Dampak terberat biasanya dirasakan oleh kelompok prasejahtera dan penyandang disabilitas yang tidak memiliki perlindungan asuransi. Akibatnya, suatu desa bisa jatuh menjadi “desa miskin ekstrem” karena sulit pulih secara fisik maupun ekonomi.
Sementara itu, staf khusus Gubernur NTB menambahkan bahwa pemerintah daerah meluncurkan program “Desa Berdaya” sebagai upaya kolaboratif untuk mengatasi tiga isu utama: gender, bencana, dan kemiskinan.
Target program ini adalah menurunkan angka kemiskinan dari 12,9% menjadi di bawah 10%, serta menghapus kemiskinan ekstrem dari 4% menjadi 0%. Strateginya mencakup bantuan sosial, literasi ekonomi, serta pengembangan pendapatan masyarakat.
Dalam implementasinya, NTB mengadopsi “Graduation Approach”, metode yang terbukti berhasil di berbagai negara melalui organisasi internasional seperti BRAC. Pendekatan ini akan diuji coba di 20 desa percontohan dari 106 desa miskin ekstrem, meliputi desa pesisir, pinggiran hutan, pertanian, hingga perkotaan.
Kepala Dinas Sosial NTB juga berbagi pengalaman saat gempa tahun 2018, di mana tempat pengungsian tidak dirancang untuk kelompok rentan sehingga menimbulkan insiden kekerasan, termasuk kekerasan seksual. Dampak psikologis juga sering terabaikan dalam penanganan pascabencana.
Selain itu, bencana turut memperparah kemiskinan yang kemudian memicu masalah sosial lain, seperti meningkatnya kekerasan dan pernikahan anak.

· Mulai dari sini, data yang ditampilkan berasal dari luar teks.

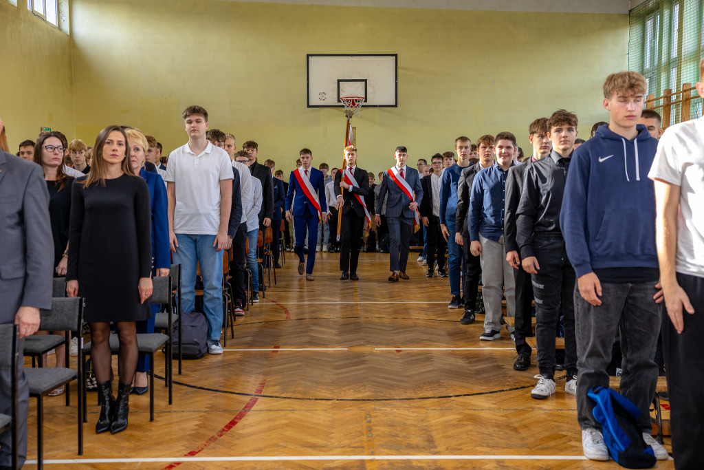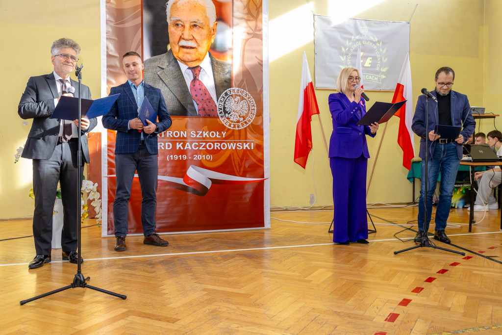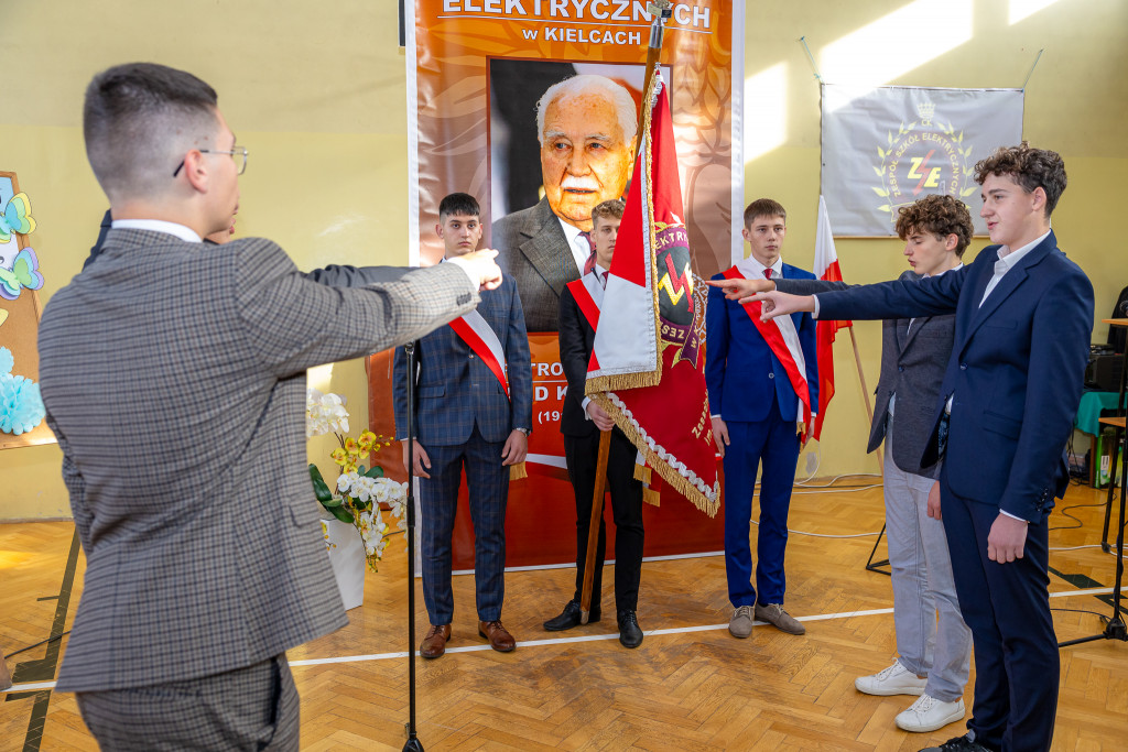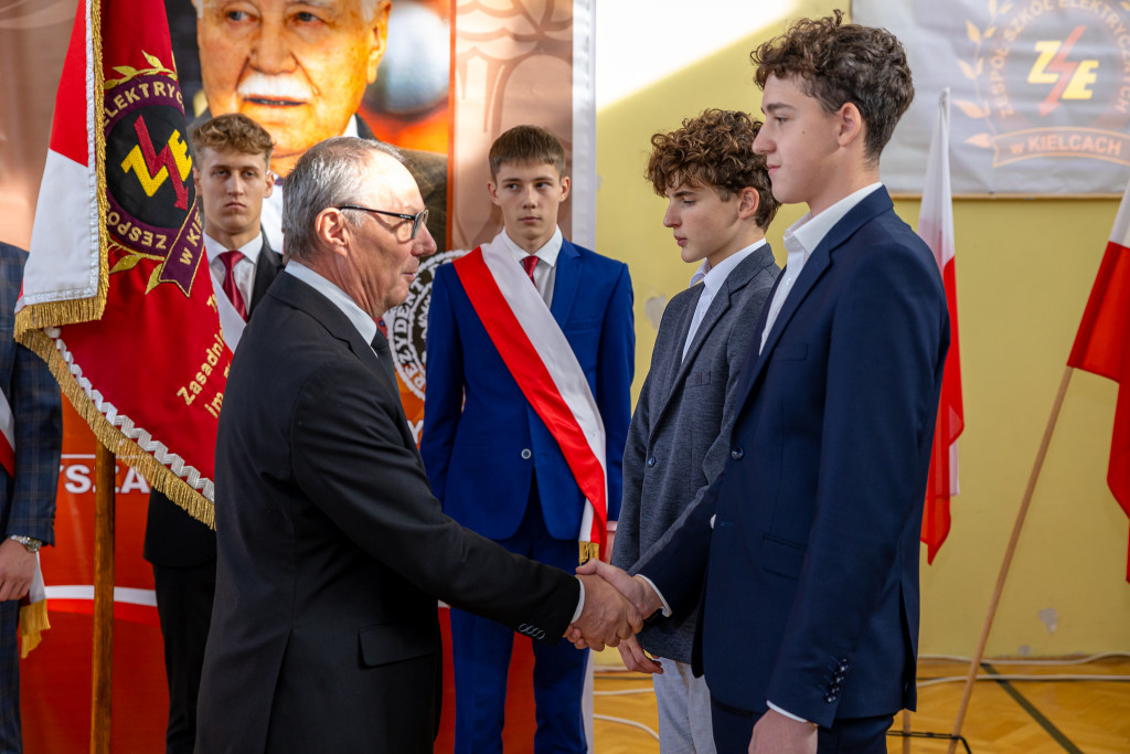 W Zespole Szkół Elektrycznych w Kielcach odbyły się dziś uroczyste obchody Dnia Patrona placówki – ostatniego prezydenta RP na uchodźstwie Ryszarda Kaczorowskiego, połączone z Dniem Edukacji Narodowej. Podczas spotkania ślubowanie złożyli przedstawiciele ponad 200 uczniów klas pierwszych. To wyjątkowe wydarzenie symbolicznie włączyło młodzież do społeczności Elektryka. W ramach akcji Narodowego Czytania fragmenty dział Jana Kochanowskiego przeczytała, biorąca udział w uroczystości, marszałek województwa Renata Janik.

Karena itu, dibutuhkan perencanaan matang serta dukungan kuat dari pemerintah, masyarakat, dan keluarga sejak awal agar mitigasi bencana lebih komprehensif.
Hal penting lainnya adalah mengintegrasikan aspek psikologis ke dalam perencanaan bencana, serta memastikan kelompok rentan—perempuan, anak-anak, dan penyandang disabilitas—dilibatkan sejak tahap perencanaan. Kebijakan “Satu Data” pemerintah diharapkan mampu mengoptimalkan penanggulangan bencana sekaligus distribusi bantuan agar lebih tepat sasaran.
Pemerintah NTB pun membuka ruang kolaborasi dengan peneliti dan NGO dalam program Desa Berdaya, termasuk riset berbasis komunitas di desa-desa rawan bencana dan miskin.
Dr. Katie McQuaid juga menawarkan dukungan riset serta sponsorship, dengan mencontohkan keberhasilan proyek mangrove di Demak yang mampu memberdayakan perempuan secara ekonomi sekaligus menjaga lingkungan.
Diharapkan, dengan menggabungkan data, pengalaman masyarakat, serta pendekatan kreatif melalui seni dan workshop, kebijakan yang dihasilkan bisa lebih berbasis bukti, memperkuat ketahanan sosial-ekonomi, dan mewujudkan “keadilan bencana.”